From the very first line of the records through the line that contains "Standard (Silica White).", repeat everything exactly except the pictures, and add nothing.

▶ [INPUT RECORDS]:

+---+

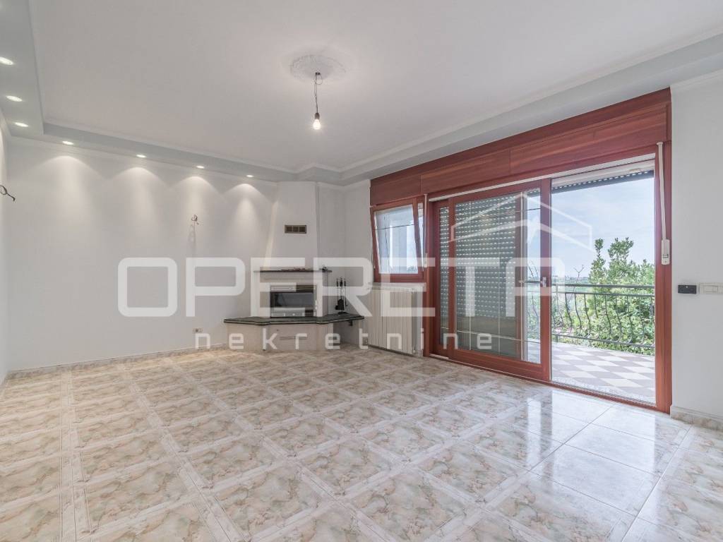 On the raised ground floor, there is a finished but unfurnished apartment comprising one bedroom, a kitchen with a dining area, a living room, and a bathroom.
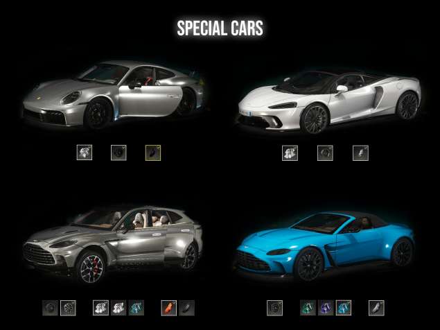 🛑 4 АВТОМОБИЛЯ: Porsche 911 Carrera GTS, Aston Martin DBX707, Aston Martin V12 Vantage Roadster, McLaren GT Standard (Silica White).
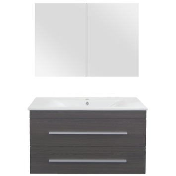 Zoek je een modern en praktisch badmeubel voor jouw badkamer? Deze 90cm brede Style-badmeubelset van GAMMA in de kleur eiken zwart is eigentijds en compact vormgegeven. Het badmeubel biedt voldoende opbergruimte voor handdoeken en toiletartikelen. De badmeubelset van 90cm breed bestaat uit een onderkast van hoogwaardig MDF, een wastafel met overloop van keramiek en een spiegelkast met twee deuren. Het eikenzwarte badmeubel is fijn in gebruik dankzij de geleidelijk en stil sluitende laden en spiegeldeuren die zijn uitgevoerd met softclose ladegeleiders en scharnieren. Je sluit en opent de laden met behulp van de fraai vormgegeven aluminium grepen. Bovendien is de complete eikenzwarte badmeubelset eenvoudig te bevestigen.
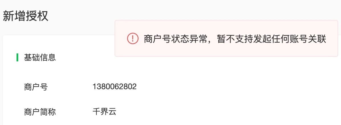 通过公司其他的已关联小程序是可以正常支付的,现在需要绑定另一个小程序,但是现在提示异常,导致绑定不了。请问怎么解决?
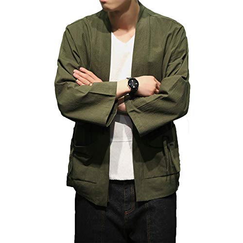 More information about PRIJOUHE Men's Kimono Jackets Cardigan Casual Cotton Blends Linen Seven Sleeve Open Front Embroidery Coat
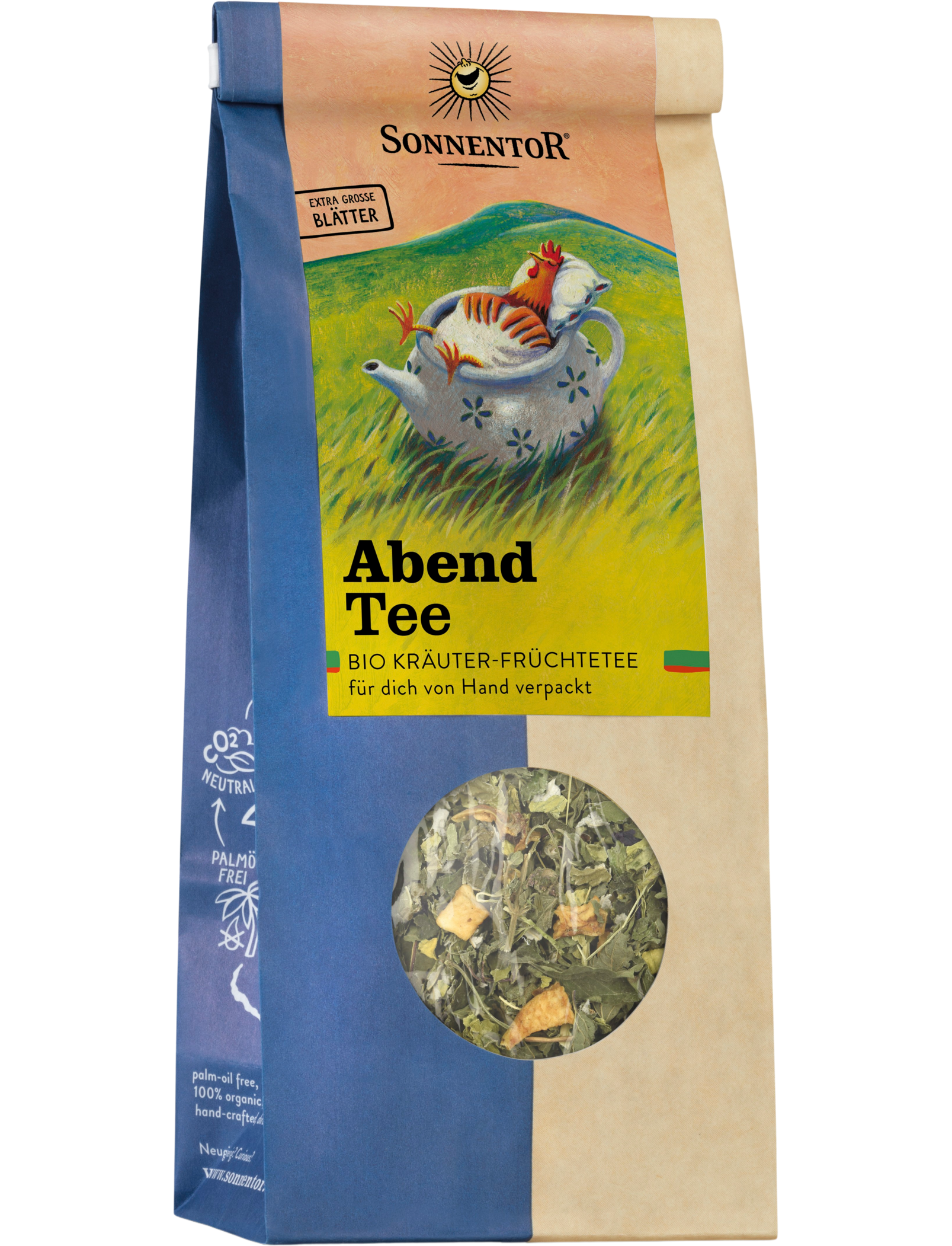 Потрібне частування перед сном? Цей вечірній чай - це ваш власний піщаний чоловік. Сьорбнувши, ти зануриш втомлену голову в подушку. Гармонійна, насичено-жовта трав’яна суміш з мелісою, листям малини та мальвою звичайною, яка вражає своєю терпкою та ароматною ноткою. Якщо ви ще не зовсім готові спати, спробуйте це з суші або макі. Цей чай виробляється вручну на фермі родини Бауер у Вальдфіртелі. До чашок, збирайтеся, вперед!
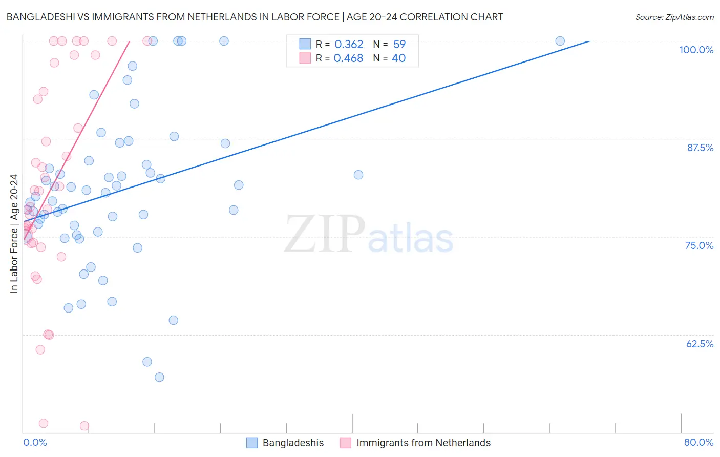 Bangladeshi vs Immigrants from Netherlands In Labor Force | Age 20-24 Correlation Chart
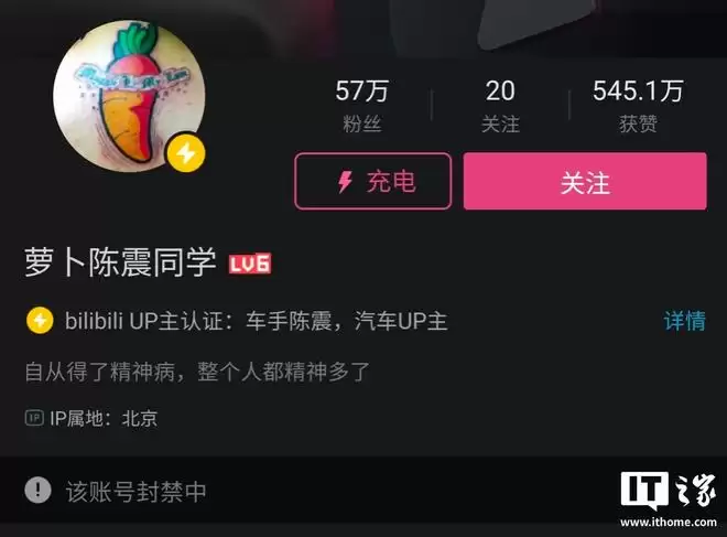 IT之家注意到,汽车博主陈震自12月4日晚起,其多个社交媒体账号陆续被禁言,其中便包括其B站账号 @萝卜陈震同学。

+---+

▶ [ANSWER TO THE PROBLEM]:
 On the raised ground floor, there is a finished but unfurnished apartment comprising one bedroom, a kitchen with a dining area, a living room, and a bathroom.
 🛑 4 АВТОМОБИЛЯ: Porsche 911 Carrera GTS, Aston Martin DBX707, Aston Martin V12 Vantage Roadster, McLaren GT Standard (Silica White).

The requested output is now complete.